Il est difficile, même quand il s’agit de relecture, de saisir toute la complexité narrative du roman Anna Karenine de Léon Tolstoï. Bien que l’histoire s’organise essentiellement autour de ce personnage d’où est tiré le titre, en l’occurrence, Anna, l’auteur a tellement mis d’intrigues et de détours alambiqués qu’il est épineux de suivre l’ordre des événements. Ne parlons pas des ambiguïtés qui caractérisent les rapports de tous les personnages dont plusieurs jouent des rôles essentiels ; de toutes les interrogations philosophiques qu’ils suscitent. Dans ce livre que nombreux critiques présentent comme un cheminement eschatologique des personnages, n’y a-t-il pas aussi un désir de l’auteur de mesurer d’abord les différentes visions de la vie en cette période bien précise de l’Histoire de la Russie ?
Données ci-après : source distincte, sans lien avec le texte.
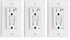 3 Pack GFCI Outlet 15 Amp with Thinner Design, Weather Resistant (WR), Self-Test GFI Receptacles with LED Indicator, Wall Plates and Screws Included, Indoor or Outdoor, ETL Listed, White

Comme dans tous les romans où l’empreinte historique est visible, les héros, ici, s’identifient à leurs propres profondeurs idéologiques. Certes, la confusion des sentiments se fait en dehors du paysage politique en apparence, mais au fond, il n’est pas besoin d’être un grand connaisseur de la culture ou de l’Histoire de la Russie pour s’apercevoir des relents politiques qui se jouent à l’intérieur des fibres des sentiments de chacun des personnages. Pourtant l’histoire en elle-même est, à première vue, très simple. Un divorce entre Anna et Alexis sur fonds d’adultère avant que la narration ne prenne des tournures nouvelles. Un amour avec Wronski, un autre homme mais autant que le premier, frivole et donc susceptible de perturber Anna de nouveau. Elle essaiera au début de mener le combat contre son propre désir. Les souvenirs de son premier mariage la hantent… Mais sans doute la clé de voute de ce roman se trouve ailleurs que dans cette romance à l’eau de rose. La lumière est derrière chaque petite brume qui enveloppe les cœurs de tous ces personnages. Progressivement, on se familiarise avec les décors dans lesquels ils évoluent.
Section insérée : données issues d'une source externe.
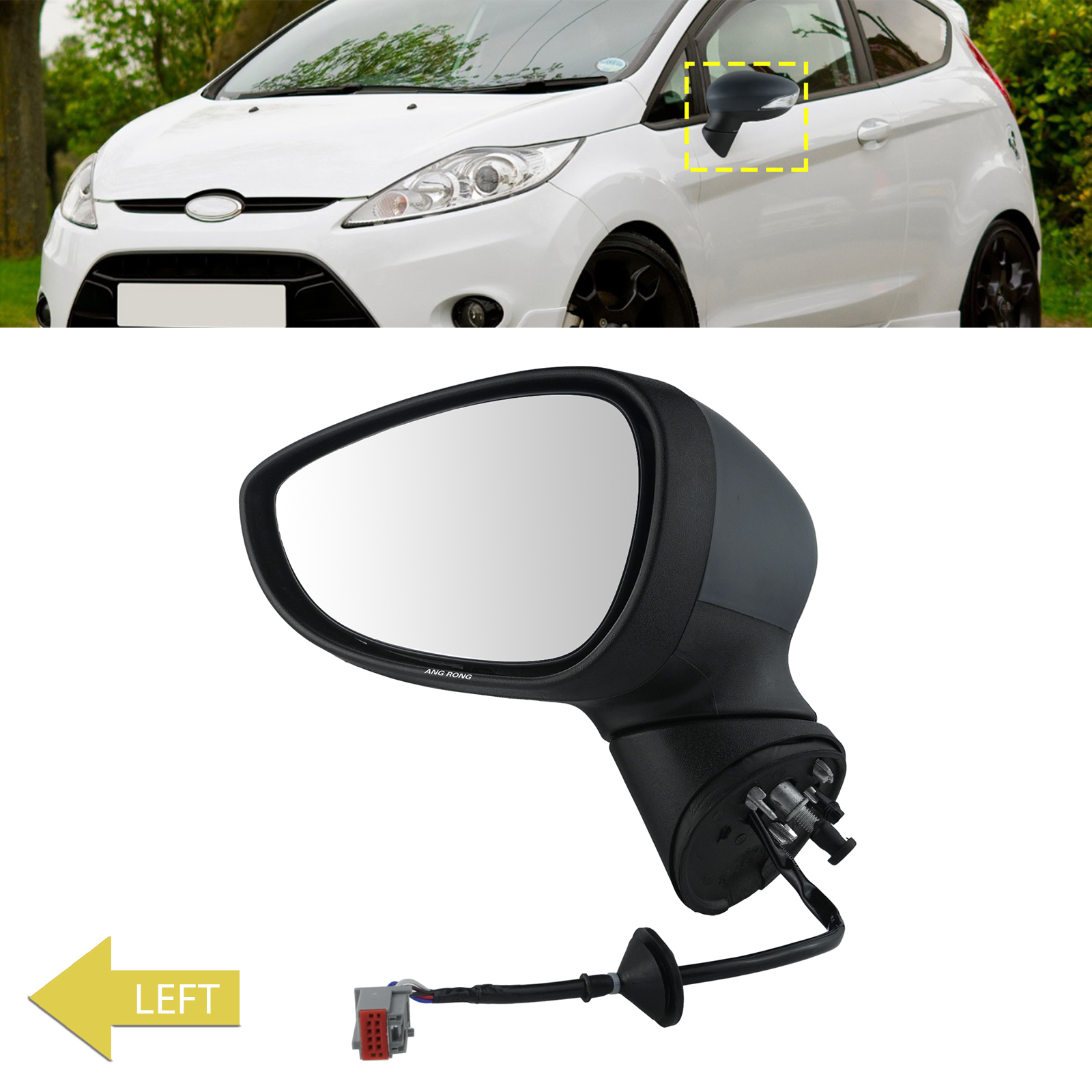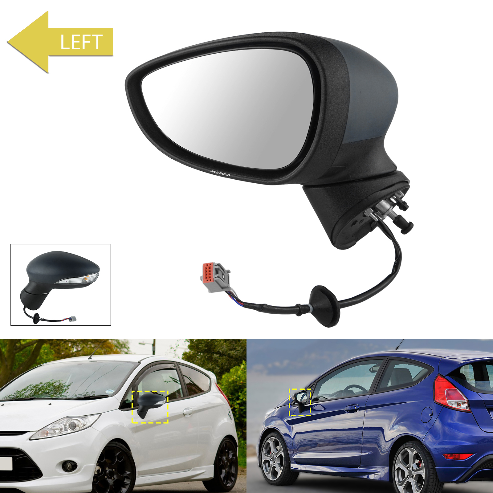 1pc Left Side Black Electric Wing Door Mirror Indicator Primed For Ford Fiesta MK7 Hatchback 2008-2012

On remarque chez Tolstoï cette abondante description des caractères de ses personnages. En ce sens qu’on retrouve de ceux qui, par exemple, aiment la nature, d’autres se sacrifient au culte de l’argent, d’autres encore se morfondent dans la passion et l’amour… un monde, en somme, qui symbolise la Russie du XIXe siècle où la dure réalité économique, le système politique, dévorent l’Homme dans ses composantes affectives et psychologiques. Les comportements de chacun de ces personnages permettent de voir les éléments politiques, idéologiques, économiques qui les transforment. Autrement dit, le contexte reste l’ordonnateur des mouvements qui jouent dans cette narration. C’est peut-être dans cette optique que le maître du cinéma russe, Karen Shakhnazarov a choisi d’adapter une facette de ce grand roman : celle du compte Wronski sous le titre Anna Karénine, l’histoire de Vronski. Sans toucher au fond, le scénario du film semble pourtant se trouver dans une continuation naturelle. Mieux, en extirpant le destin de quelques héros du reste du roman, le film fait un texte vivant sans renverser l’origine du récit.